As I drew closer, I noticed a shape on the ground behind Marcus and Brutus and my heart lurched.

“Lorenzo!” I cried. He lay on his side, badly beaten, but he lifted his head when he heard my voice. I started to run toward him, but Marcus leapt in front of me.

“So it is true,” Marcus growled. “I’m disappointed, Izzy.”

“As father would be disappointed in you and your leadership,” I spat back.

“You would have been the queen of Storm Ridge,” he said, walking closer to me. “And we would have had access to all their land. Your transgression has cost our pack dearly.”

I glared at him and stepped backwards,  “We never needed Storm Ridge while father was alive.”

Marcus narrowed his eyes, rage burning in them, “Well, perhaps you can tell him how much you miss him in person.” His lips drew back in a twisted snarl and he nodded over his shoulder at Brutus.

Too late, I realized that Marcus had walked me over one of the humans’ traps. The last thing I saw before the ground dropped from under me were Brutus’ jaws closing around Lorenzo’s throat. Then my world went black.

When I awoke, the sun was low in the sky and I could hear human voices above me.

“Sally, get over here! I found a wolf in one of the traps. She’s alive. And I think she’s pregnant.”

The humans rescued me from the hole instead of killing me like my brothers had expected. They took me to a sanctuary, where I could have my cubs and raise them in safety. The humans said we would all be released once the cubs and I were strong enough.

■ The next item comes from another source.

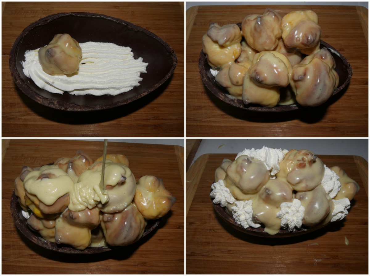 Assemblate il dolce: create uno strato di panna montata sul fondo dell'uovo, quindi riempitelo tutto con i bignè glassati.

As I watched my three children—two daughters and one son—grow into their beautiful black coats, I regaled them with stories about their brave father and their despotic uncles, the betrayers. I watched my children’s green eyes flash and I stoked their anger until it matched mine. I watched them become stronger and fiercer, and I dreamed of the day they would avenge their father’s life and take their rightful place at the head of our pack.


This is my submission for the Speakeasy #140. We had to write a piece of poetry or fiction under 750 words, beginning with the following line:

I found the tracks in the deep snow between the trees.

Our submissions also had to make some reference to the media prompt, which, this week, is the following painting by John Everett Millais:

There’s still lots of time to participate in this week’s Speakeasy, so come check it out.


Paw print image: Suzanne Purkis

23 thoughts on “Kith and Kin

  1. I love how you told the story of Isabella and Lorenzo from the point of view of wolves! Here’s hoping that their children grow into her expectations for them. Great story!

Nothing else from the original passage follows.